## Work instructions
Only the lines from the first line of the entries through the line with "中国执行信息公开网信息,20" belong in the answer, each restated word for word and without pictures.
Material provided section start
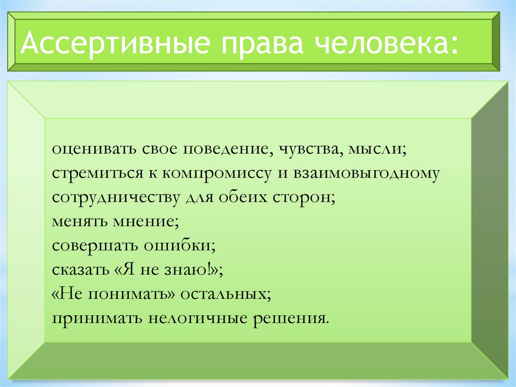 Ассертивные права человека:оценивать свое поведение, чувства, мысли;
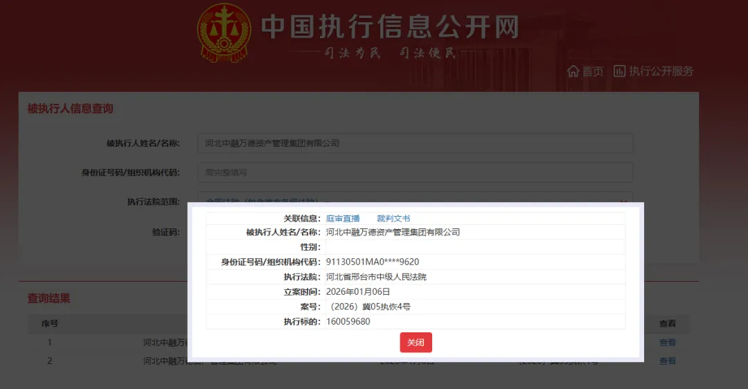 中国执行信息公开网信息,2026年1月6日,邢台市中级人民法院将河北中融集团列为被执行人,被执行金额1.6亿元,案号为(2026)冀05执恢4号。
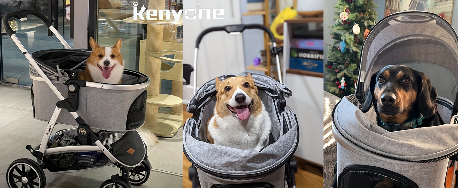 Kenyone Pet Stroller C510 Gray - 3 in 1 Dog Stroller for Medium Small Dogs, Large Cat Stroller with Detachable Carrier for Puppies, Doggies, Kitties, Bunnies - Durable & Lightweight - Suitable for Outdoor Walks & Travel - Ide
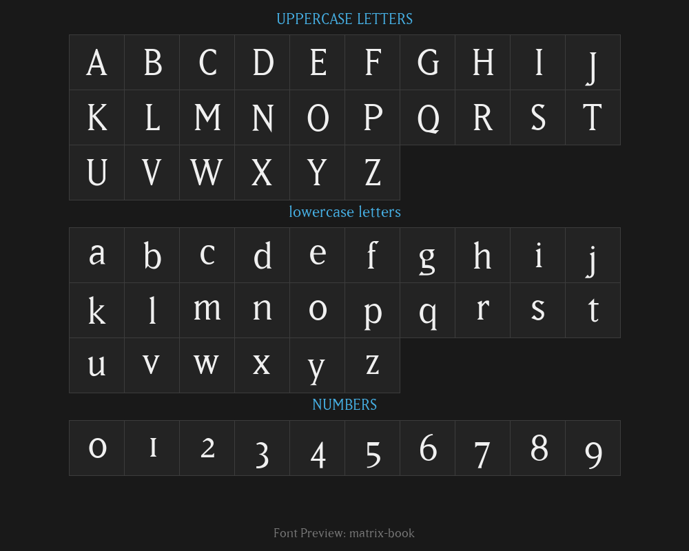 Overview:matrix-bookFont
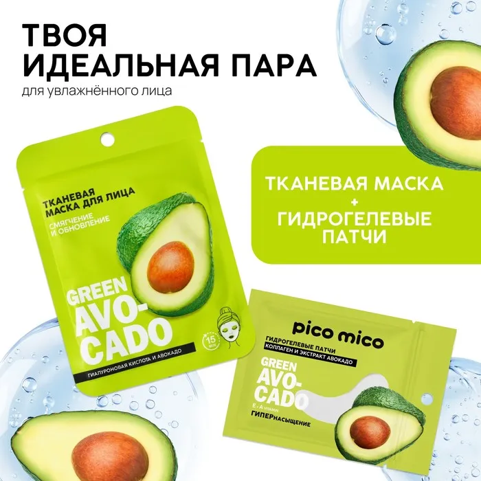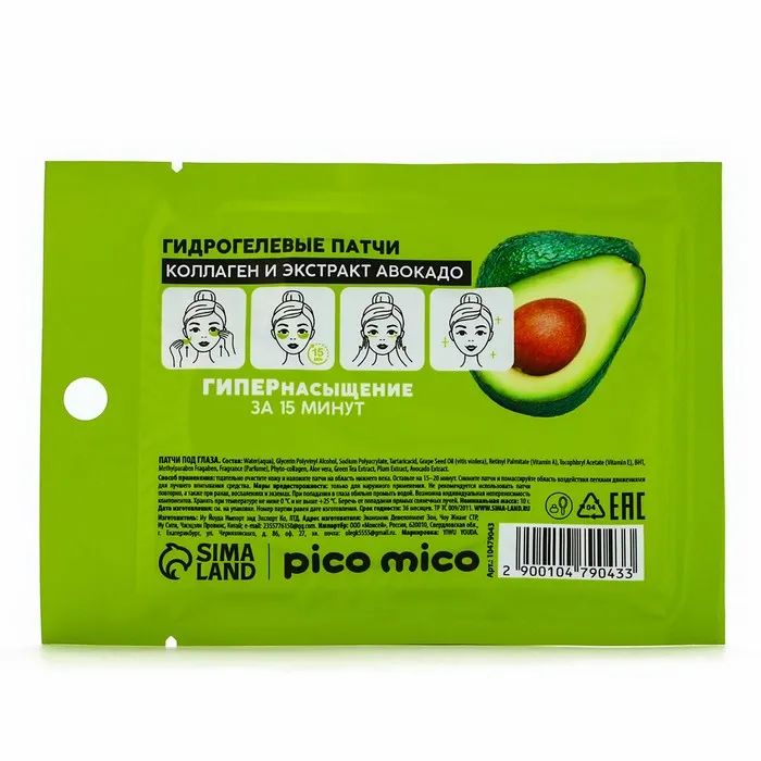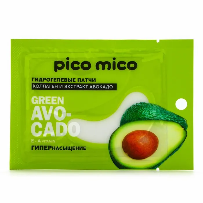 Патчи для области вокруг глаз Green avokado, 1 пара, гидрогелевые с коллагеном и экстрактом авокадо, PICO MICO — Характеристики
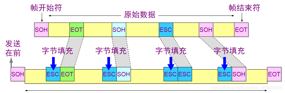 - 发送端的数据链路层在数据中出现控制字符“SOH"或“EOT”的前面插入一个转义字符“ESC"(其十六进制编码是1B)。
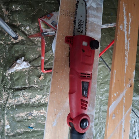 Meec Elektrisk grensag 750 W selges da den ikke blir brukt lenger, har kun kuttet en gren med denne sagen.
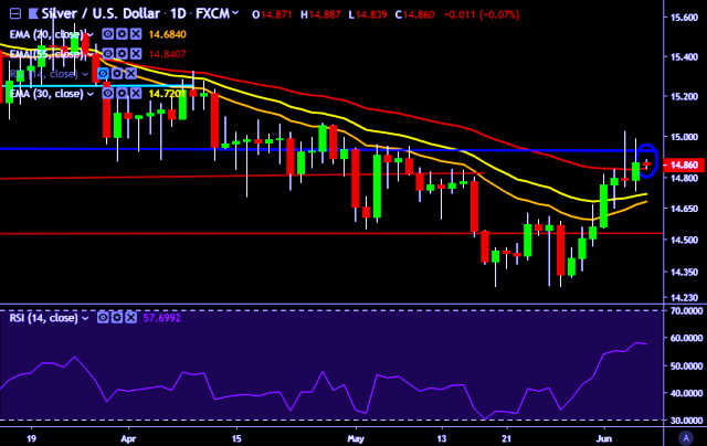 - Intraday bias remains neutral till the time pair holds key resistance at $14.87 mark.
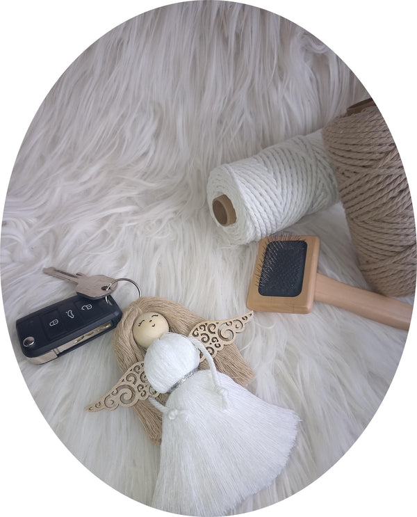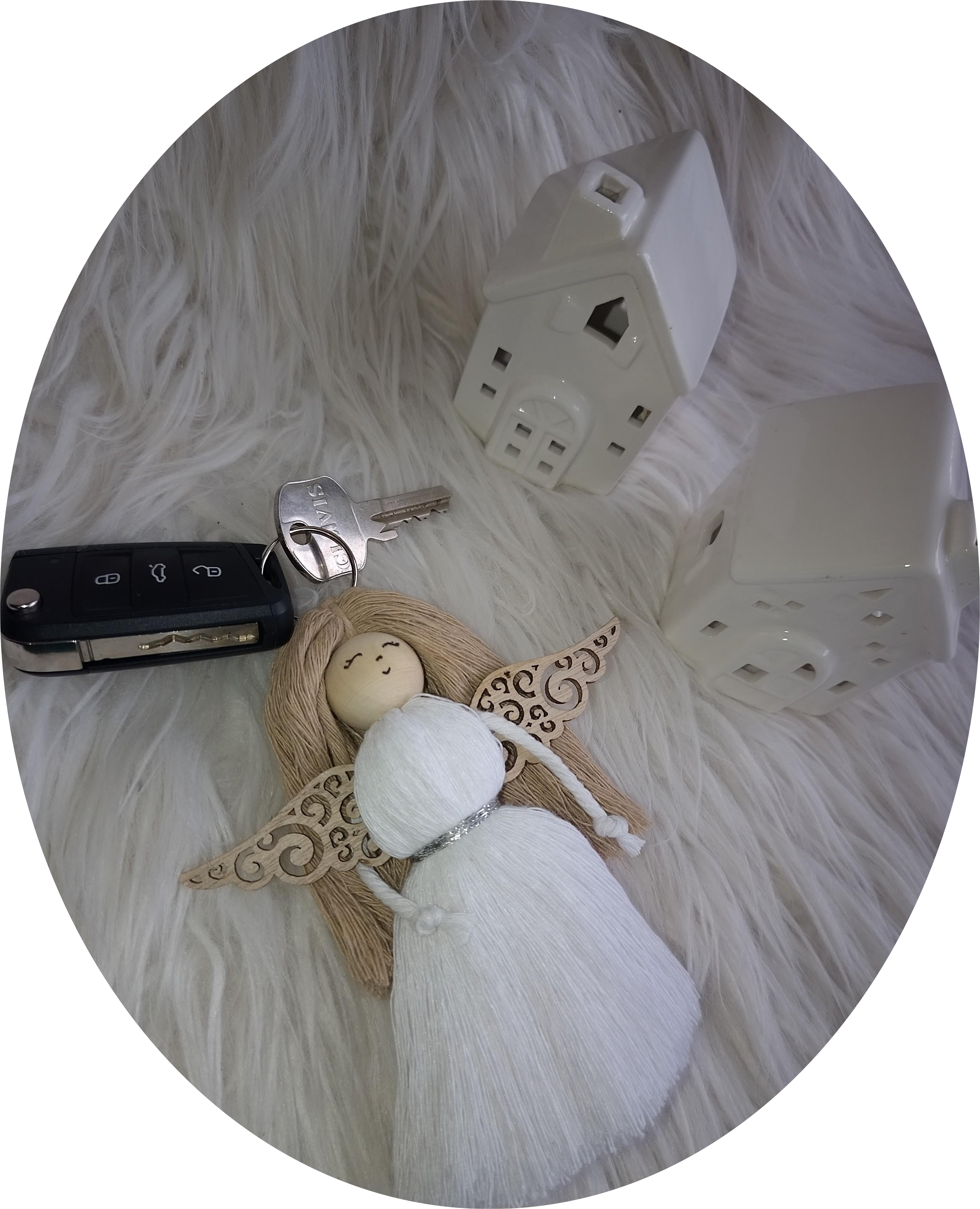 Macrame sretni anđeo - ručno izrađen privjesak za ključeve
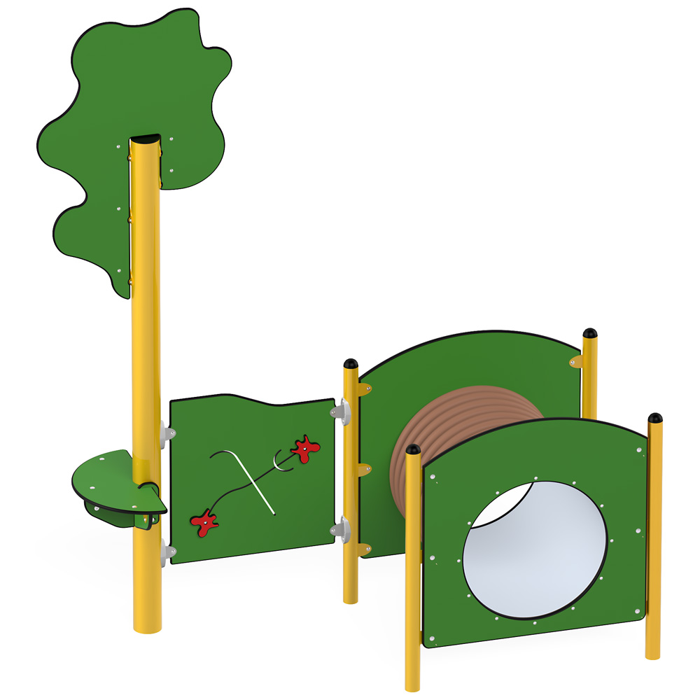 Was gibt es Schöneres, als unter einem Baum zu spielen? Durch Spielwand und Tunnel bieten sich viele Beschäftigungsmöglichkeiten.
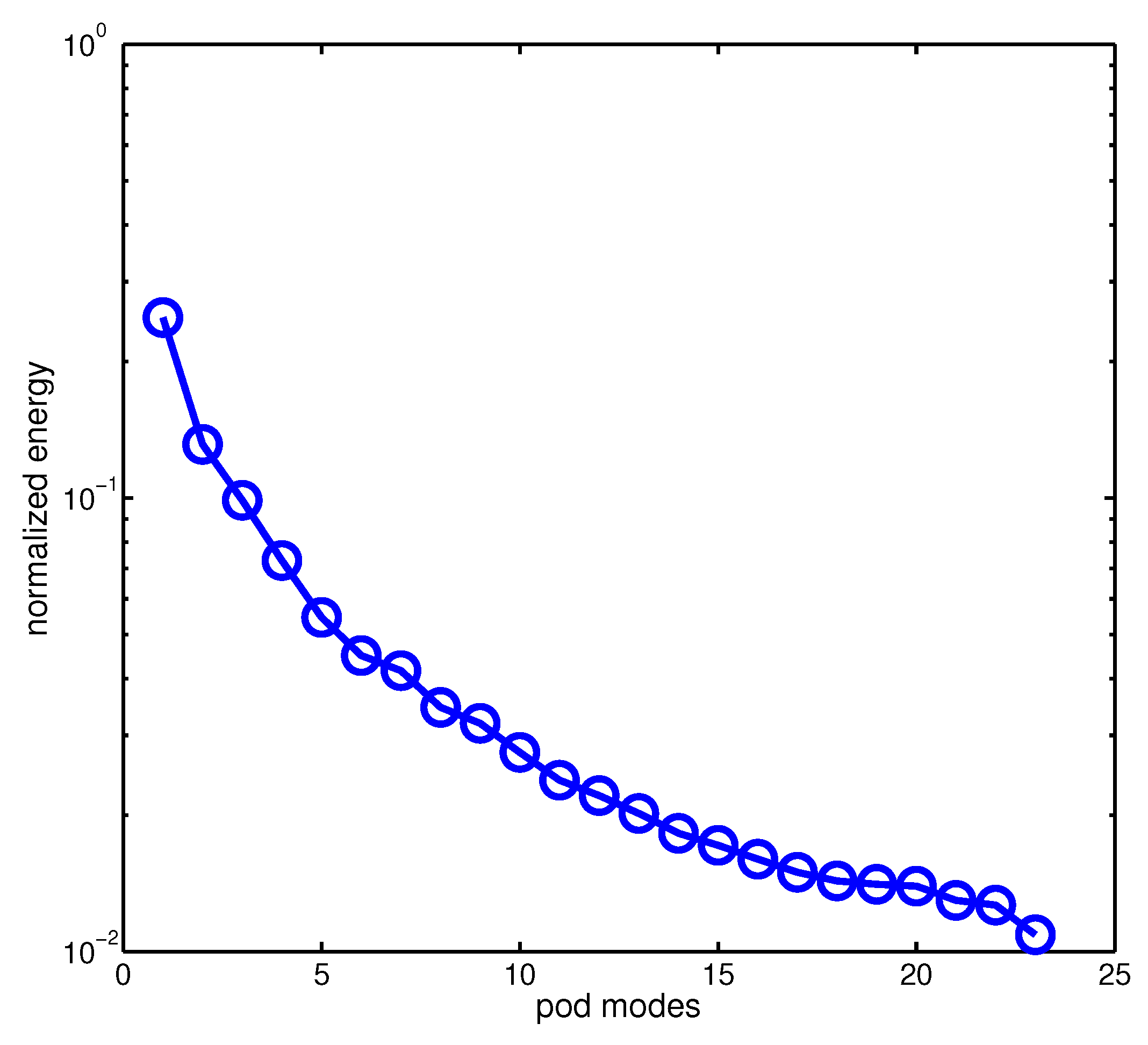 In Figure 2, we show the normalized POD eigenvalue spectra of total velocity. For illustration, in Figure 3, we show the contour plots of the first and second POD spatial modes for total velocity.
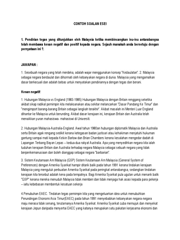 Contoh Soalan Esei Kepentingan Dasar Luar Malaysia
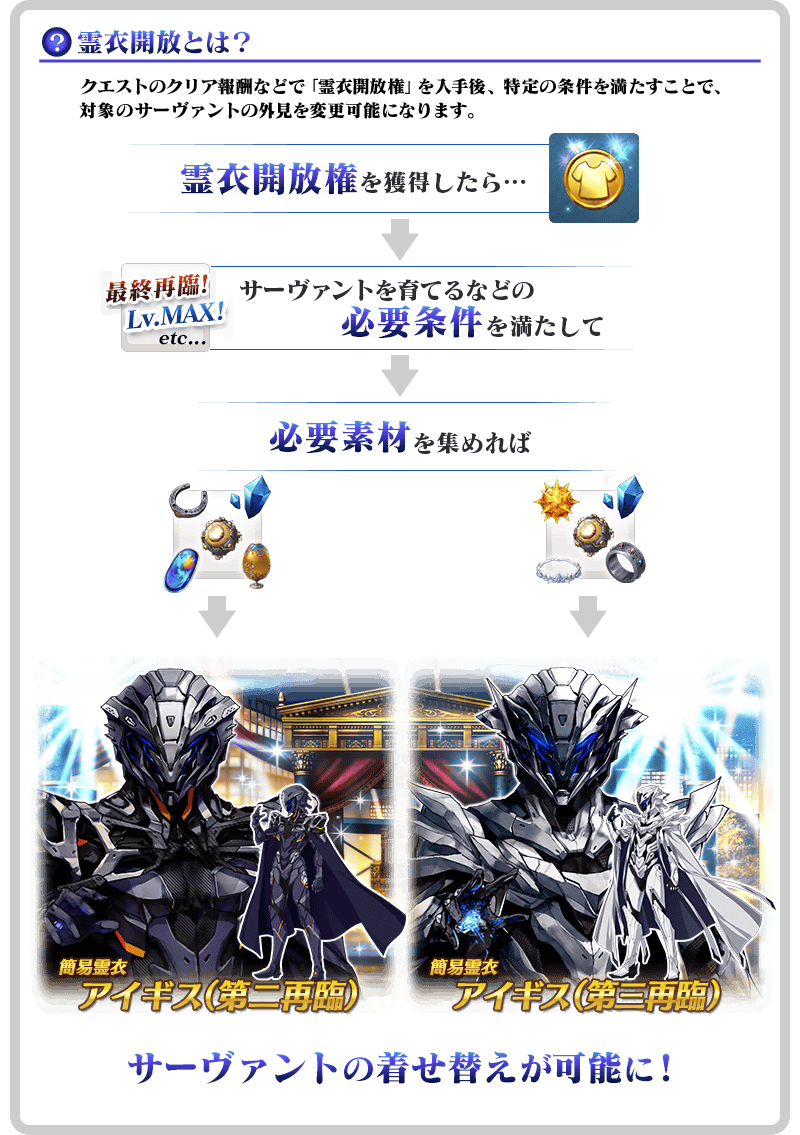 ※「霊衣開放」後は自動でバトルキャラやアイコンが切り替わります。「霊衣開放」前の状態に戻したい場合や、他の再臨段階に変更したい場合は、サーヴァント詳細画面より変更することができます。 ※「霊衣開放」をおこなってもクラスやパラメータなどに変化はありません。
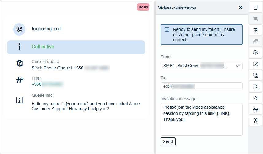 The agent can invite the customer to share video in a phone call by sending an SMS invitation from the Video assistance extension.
Material provided section end
## Answer box
 Ассертивные права человека:оценивать свое поведение, чувства, мысли;
 中国执行信息公开网信息,2026年1月6日,邢台市中级人民法院将河北中融集团列为被执行人,被执行金额1.6亿元,案号为(2026)冀05执恢4号。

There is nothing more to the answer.